つまり情勢の悪化、劣勢でもいいですが、このまま進めるのは「得策ではない」と判断されてから、「いや、実は議題にはならないんですよ」と後出しで否定したのと見分けが付けられない、と言っているんですよ。日本でも、或いは1月1日発効予定だった韓国でも、これほどの大騒ぎにならなければ、そうした方針変更は行われなかったかもしれない可能性だってあるのではありませんか?
(因みに、これを否定できる論拠があるなら、是非知りたいね)

それをですね、昨日発表になった程度の発言を、あたかも「当然の事実」であるかのように語るのは、あまりに都合が良すぎじゃありませんかね?
本当にずっと以前から「議題になんてなっていなかった」ことの明確な根拠でもあるんですかね?その発想の前提となる証拠や事実というのは、一体何が挙げられるのですかね?

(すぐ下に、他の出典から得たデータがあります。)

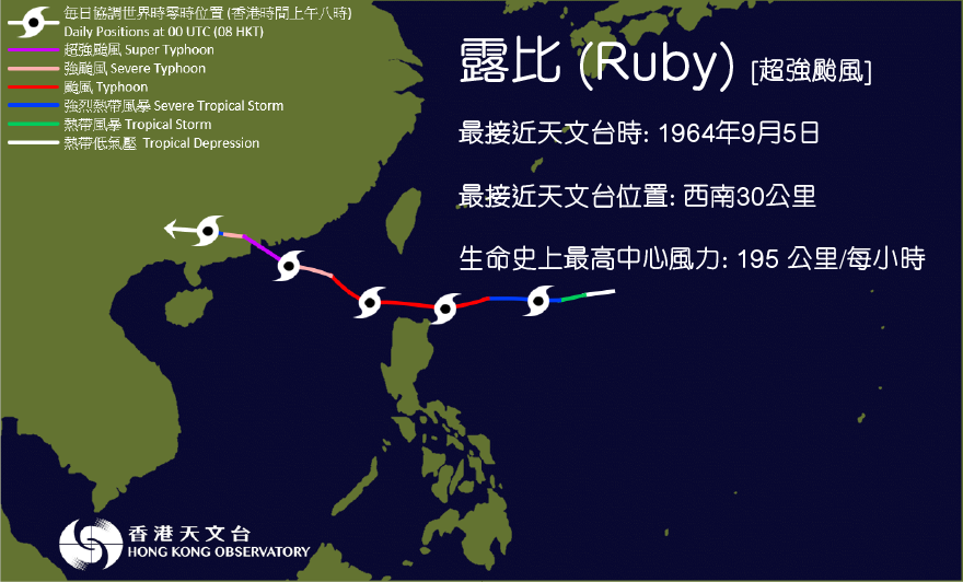 1964年9月,颱風露比襲擊香港,帶來強風、暴雨和風暴潮,造成超過700人死亡、數千人受傷,房屋和船隻嚴重受損,沿海地區大範圍淹水。這場颱風是香港歷史上最致命的風災之一。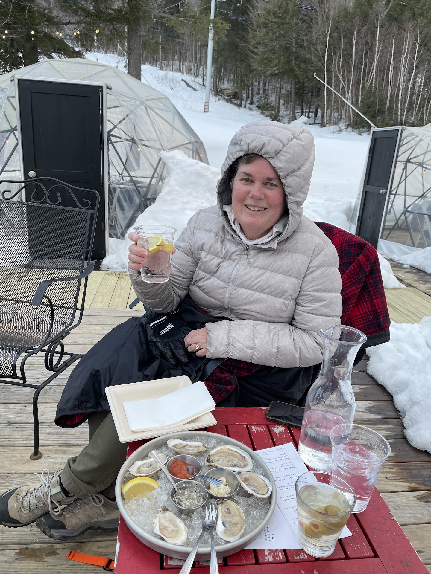Read moreA fun spot for aprés drinks and appetizers. Was impressed with the variety of oysters! They had heated seats and blankets for the outside fire pit. Tara was a great host for me and my mom…stoking the fire and making us feel welcome! The inside bar was cozy with a classy vibe. Everyone was super friendly…big shout out to the hostess who got us settled quickly. Wish it stayed open later since it could make for a solid hotel late night bar after closing...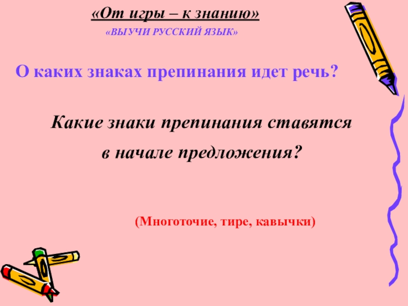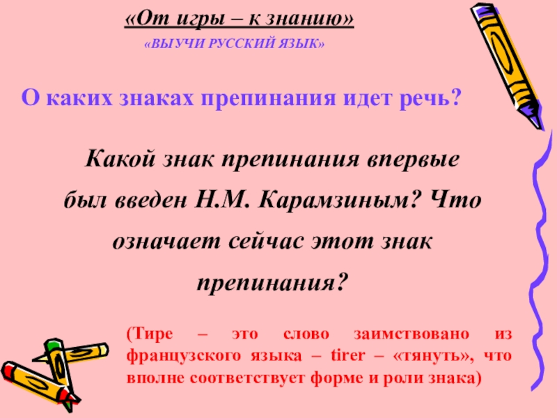 (Тире – это слово заимствовано из французского языка – tirer – «тянуть», что вполне соответствует форме и роли знака)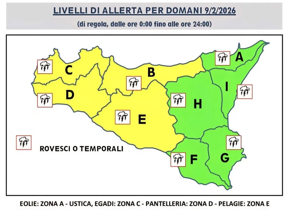 ⏰Il Dipartimento regionale della Protezione civile regionale ha emesso un avviso di allerta meteo GIALLO valido per la giornata del 9 Febbraio. ⚠️ Invitiamo tutta la cittadinanza alla massima prudenza. Comportamenti raccomandati: 📍Limitare gli spostamenti non necessari. 📍Evitare passerelle, ponti e
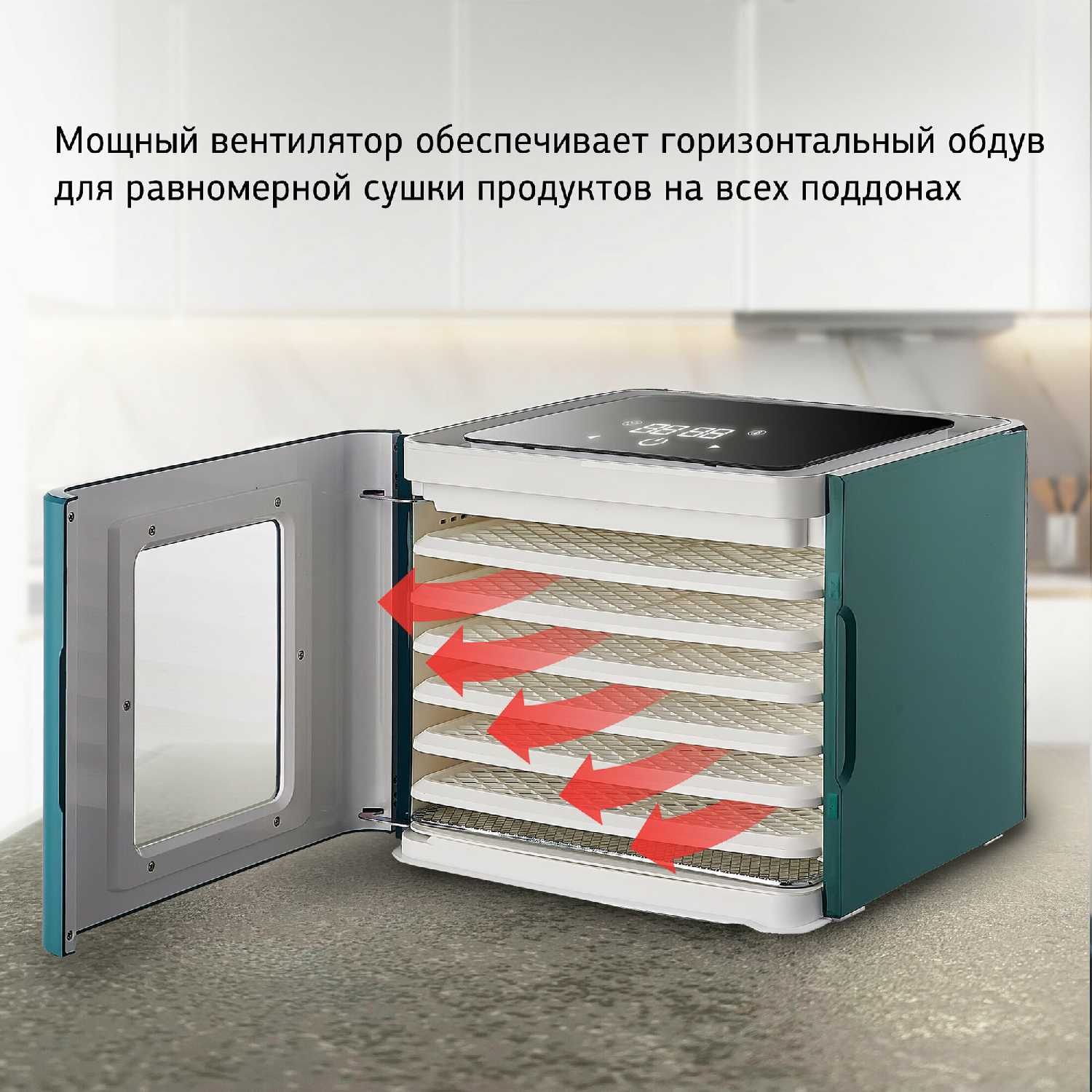 Боковой вентилятор распределяет воздух параллельно поддонам, обеспечивая одинаковое воздействие на все уровни. Это исключает необходимость ручной ротации лотков, характерную для вертикальных моделей. Пользователи отмечают отсутствие "мертвых зон": верхние и нижние ярусы просушиваются идентично. Технология также минимизирует смешивание запахов при одновременной обработке разных продуктов. Результат — равномерно обезвоженные кусочки без пересушенных краев или сырых участков. -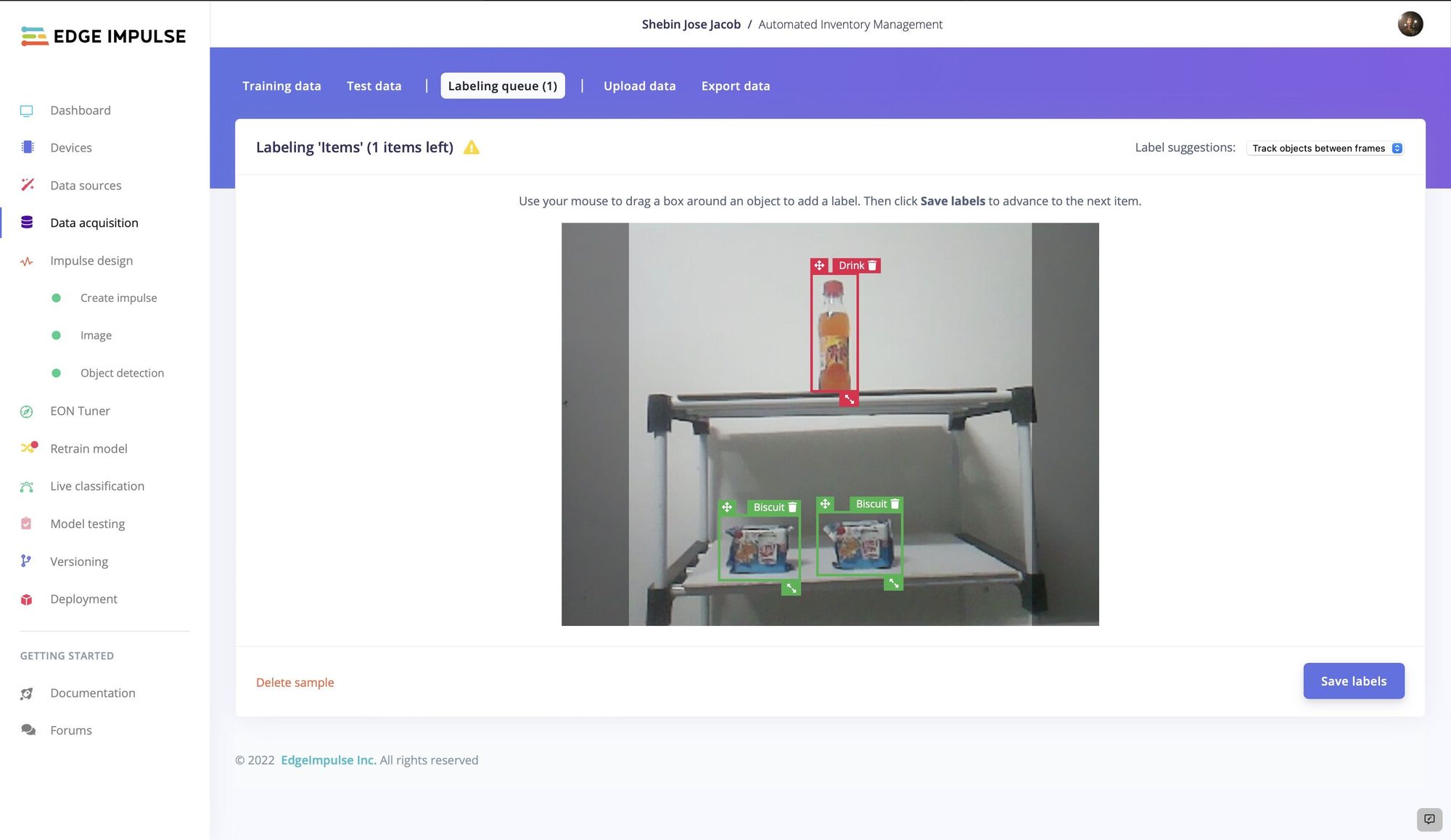 To prove the concept, two classes were initially chosen for demonstration purposes — “drink” and “biscuit.” The labeling queue tool was used to draw boxes around each item so that the model would have the information that it needed to learn what they look like. Since the labeling queue is an AI-assisted tool, it will do most of the work on its own. After the first few boxes are drawn, they will be automatically drawn for subsequent samples. All that is needed is to verify that the prediction is accurate, or make a small tweak to the box if a little adjustment is in order.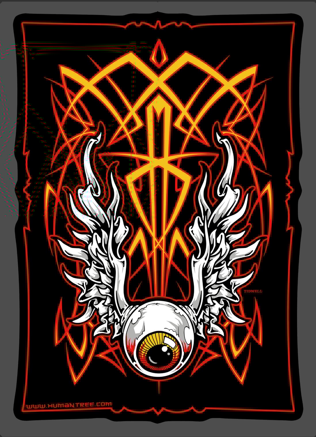 You’ll get 2 of the FLYING EYEBALL PINSTRIPE STICKERS, all weather vinyl stickers for $6 , plus I will throw in an extra random sticker or 2. Aprox. 5 inches tall.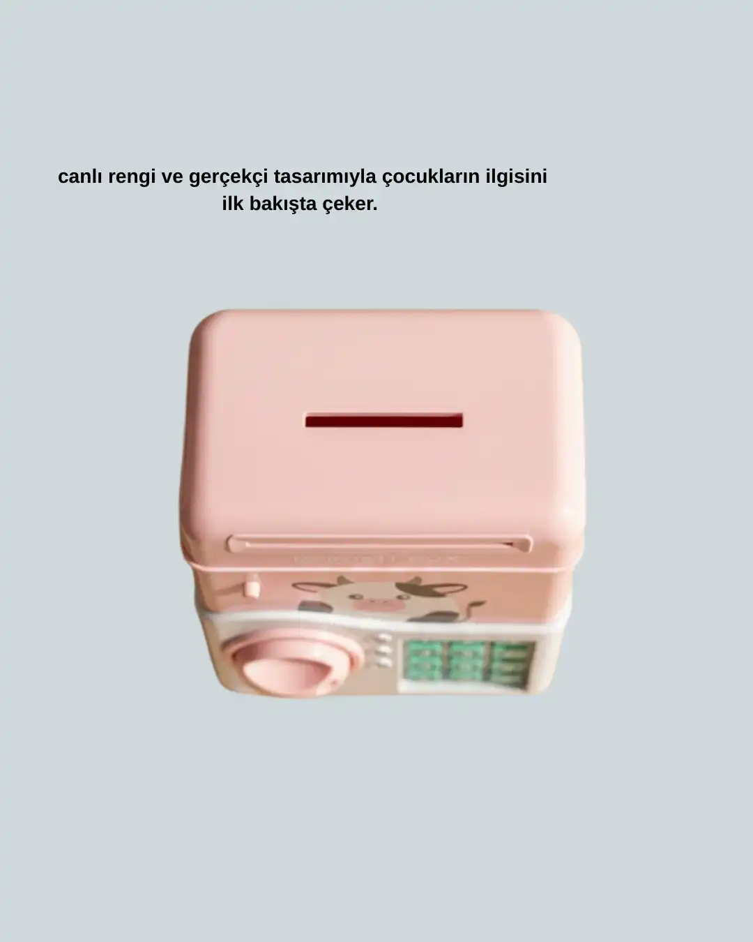Bu pembe ATM kasa tasarımlı elektronik kumbara, hem eğitici hem de dekoratif bir üründür. Kişisel şifre sistemi ile güvenli kullanım sağlar.Otomatik girişi, ışık ve ses efektleriyle birleşerek çocuklar için keyifli bir deneyim sunar. Doğum günü, bayram ve karne hediyesi olarak mükemmel bir seçenektir.

3月2日くらいに知った内容を盾にJAを批判できる立場にある労務屋氏は、昨年10月からそんなに言うほど正確に事実を知っていたんですかね?
閣僚たちでさえ交渉の中身はわかりませんと繰り返していたのに、一介の市民である労務屋氏が「議題にはならない」と断定できる自信の根拠を知りたいね。


まあ、どうせ大した答えなんぞありはしないだろうから、誰かの無知を非難しても益はないんですがね。答えを期待なんかしませんぜ。
当方とて、あれこれと「大袈裟に畏れる」タイプの人間ですから、JAと同じですから(笑)。
情報無視ないし無知が羨ましい限りですな。